Task Loss: Cross-entropy for segmentation/saliency, regression (MSE) for continuous labels, detection losses (classification, localization, objectness) for remote sensing (Chen et al., 2020, Yu et al., 13 Mar 2025, Zhao et al., 27 Dec 2025).
Quality Supervision: Binary cross-entropy on DQA/QA subnet quality maps using pseudo-GT to enforce accurate trust-region localization (Bao et al., 2024).
Auxiliary Losses: Weak supervision on edge maps, attention regularization, or orthogonality constraints as in OCNF.
Joint Fine-tuning: End-to-end optimization over the fusion pipeline, with frozen or partially adaptable feature extractors depending on stage.

6. Experimental Validation and Empirical Findings

Empirical results consistently demonstrate that QDFNet architectures outperform static fusion and quality-unaware baselines, particularly under adverse or missing-modality conditions:

Salient Object Detection: On benchmarks such as NJUDS, NLPR, STEREO (with degraded depth), QDFNet achieves higher S-measure, F-measure, and lower MAE than traditional bi-stream or simple-add fusion. Quality modulation prevents collapse under poor depth (Chen et al., 2020).
VDT Saliency: On VDT-2048, QDFNet (QSF-Net) achieves S-measure improvement ( $0.9426\to0.9379$ drop when QA subnet ablated), and exhibits resilience in high-degradation scenarios (Bao et al., 2024).
Optical-SAR Detection: QDFNet maintains highest [email protected] (e.g., 76.6 at MR=0.3) and mAP (38.3 at MR=0.3) under synthetic missing-modalities, and OCNF/DMQA blocks exhibit additive improvements over either alone (Zhao et al., 27 Dec 2025).
Emotion Estimation: On Hume-Vidmimic2, QDFNet secures notable Pearson correlation gains (0.3626 tri-modal vs. 0.25 best baseline) and demonstrates limited performance drop under occlusion or noise—5% for dynamic fusion vs. 20% for static (Yu et al., 13 Mar 2025).

Ablation studies for QA subnetworks, dynamic weighting, and attention modules consistently validate their necessity.
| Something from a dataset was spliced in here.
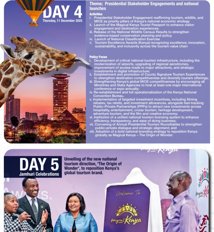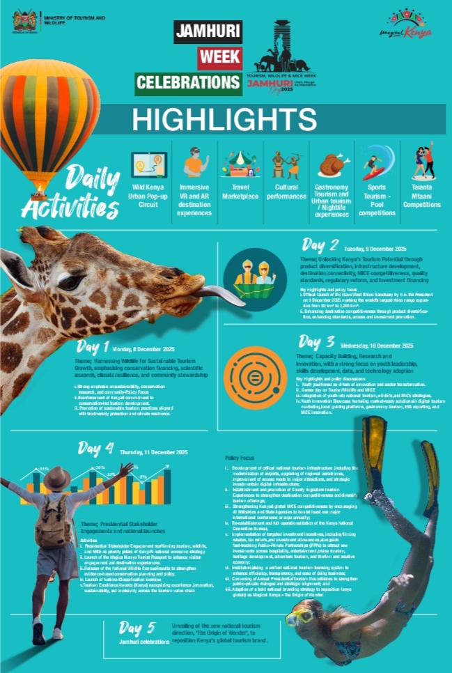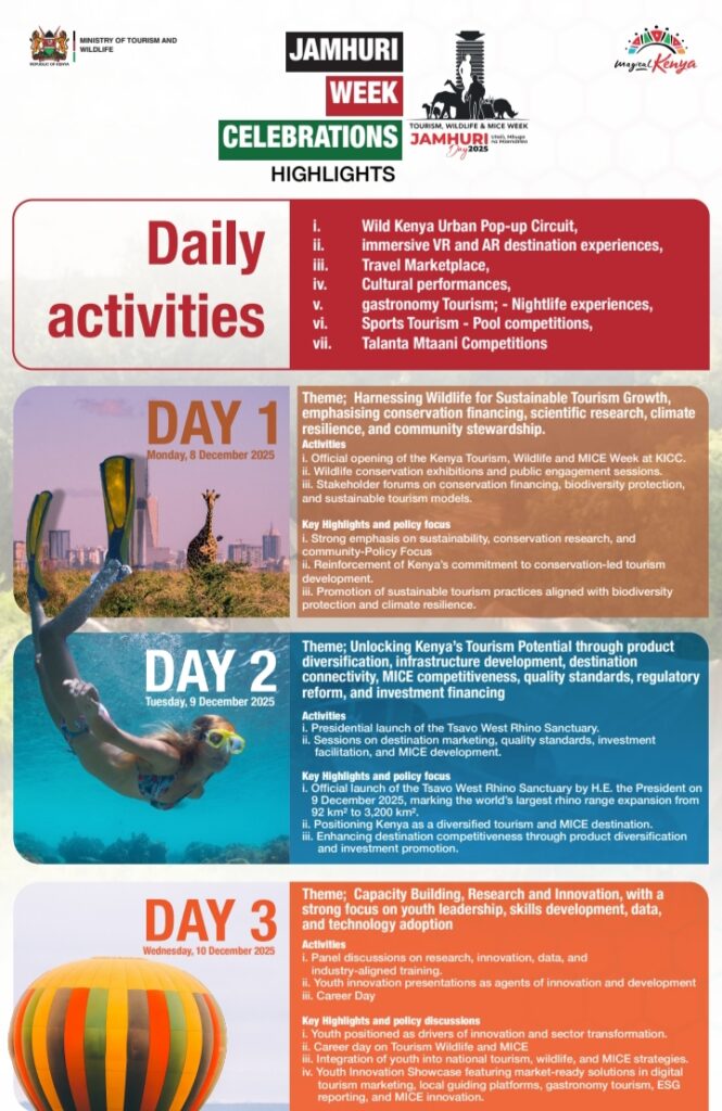 Kenya’s Jamhuri Week programme presents tourism as a serious national development tool rather than a seasonal activity. The structure of the week shows clear planning, with each day assigned a specific theme that connects conservation, investment, innovation, skills, and national branding.

7. Domain-Specific Implementations and Comparison

QDFNet’s core principle—dynamically weighting modalities/features according to estimated quality—proves adaptable across problem settings:

Remote Sensing (Optical-SAR): Introduction of token-based reliability and orthogonality-preserving fusion counters challenges in missing-modality, all-weather detection (Zhao et al., 27 Dec 2025).
RGB-D/VDT Saliency: Fine-grained spatially-varying fusion via DQA/QA subnets produces robust maps in scenes with unreliable depth/thermal modalities (Chen et al., 2020, Bao et al., 2024).
Emotion Recognition: Temporal quality inferencing and contrastive-aligned embedding support frame-resolved, multimodal interpretability (Yu et al., 13 Mar 2025).

QDFNet outperforms non-quality-aware and prior SOTA methods in every published evaluation, particularly as the severity of multimodal degradation increases.

QDFNet thus constitutes a principled, empirically validated family of architectures for robust multimodal inference under input quality variability, unifying dynamic reliability estimation and adaptive fusion in end-to-end deep networks. Its variant modules (DQA, QA, DMQA, OCNF, MLP-based gating) offer a toolkit for cross-domain application, extending from saliency and emotion to sensor fusion and object detection in challenging, real-world conditions.